Your objective »
Pictures excluded, return the lines below from the first through the line holding "de mayo, la".

Data block »

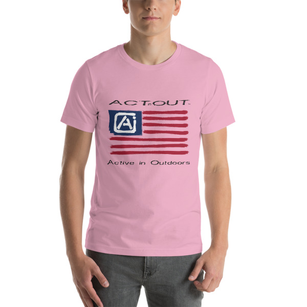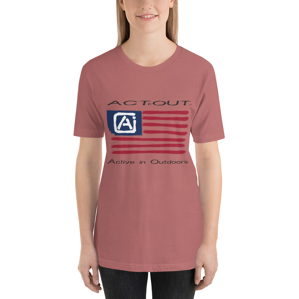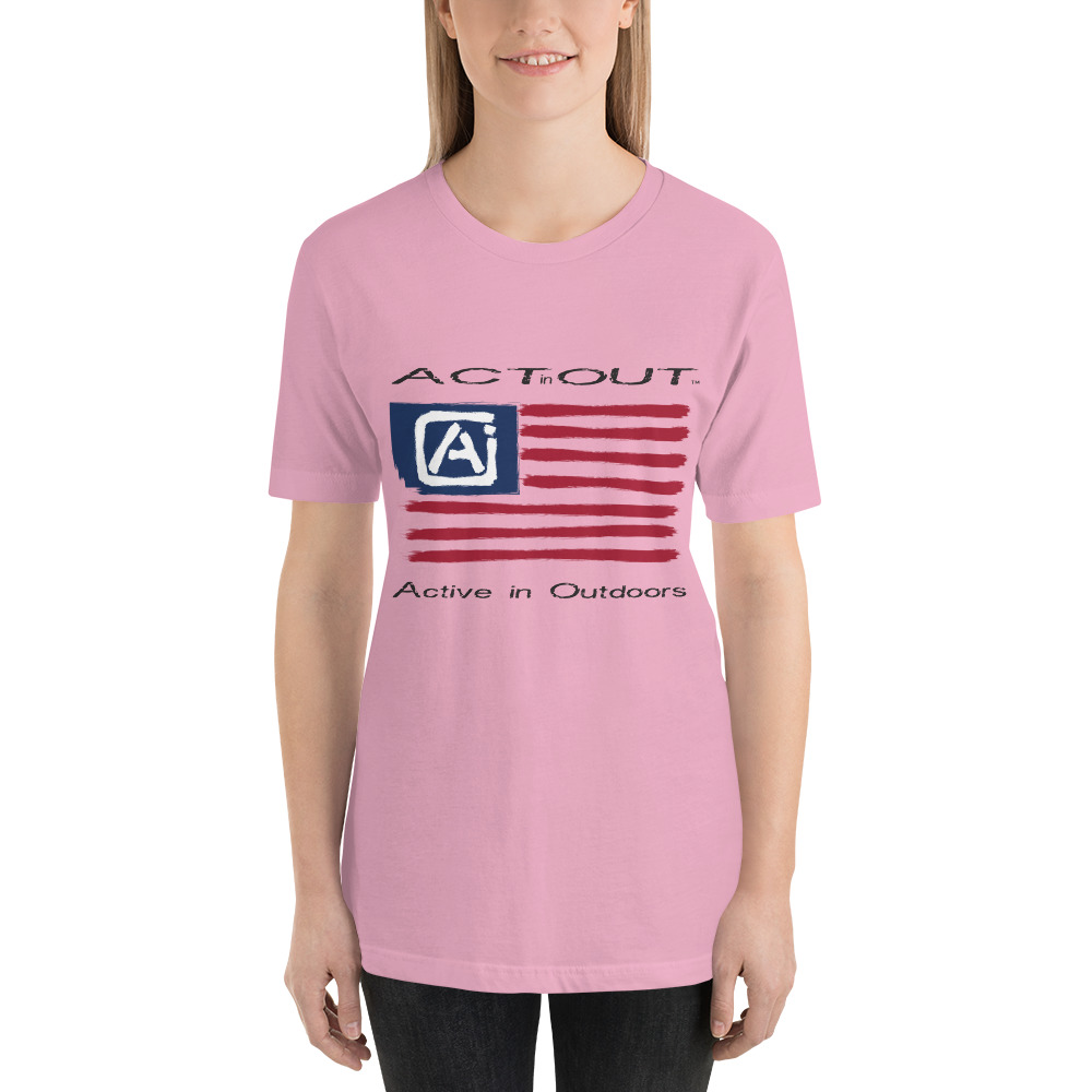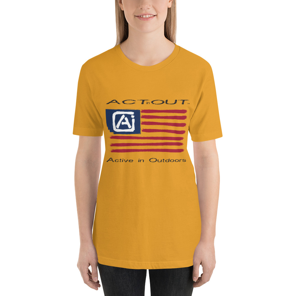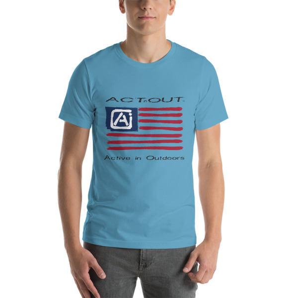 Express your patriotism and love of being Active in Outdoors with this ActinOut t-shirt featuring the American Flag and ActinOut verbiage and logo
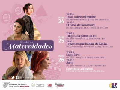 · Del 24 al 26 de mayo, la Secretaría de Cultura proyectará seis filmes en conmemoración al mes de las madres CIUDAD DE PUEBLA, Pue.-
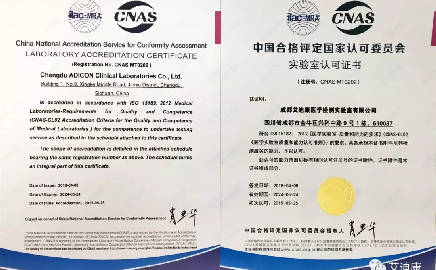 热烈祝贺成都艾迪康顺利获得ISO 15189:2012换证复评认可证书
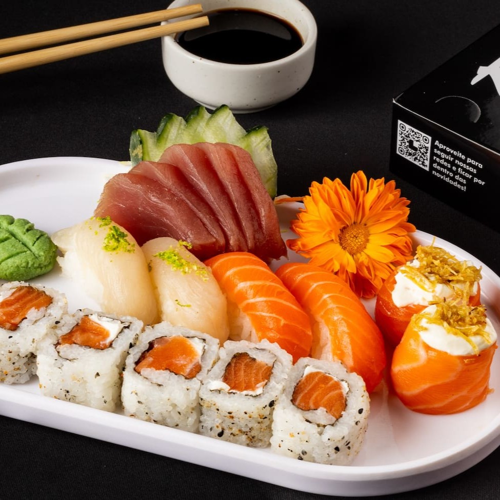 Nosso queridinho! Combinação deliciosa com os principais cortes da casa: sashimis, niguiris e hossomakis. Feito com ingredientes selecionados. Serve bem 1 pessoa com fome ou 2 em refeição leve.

Exercise output »
 Express your patriotism and love of being Active in Outdoors with this ActinOut t-shirt featuring the American Flag and ActinOut verbiage and logo
 · Del 24 al 26 de mayo, la Secretaría de Cultura proyectará seis filmes en conmemoración al mes de las madres CIUDAD DE PUEBLA, Pue.-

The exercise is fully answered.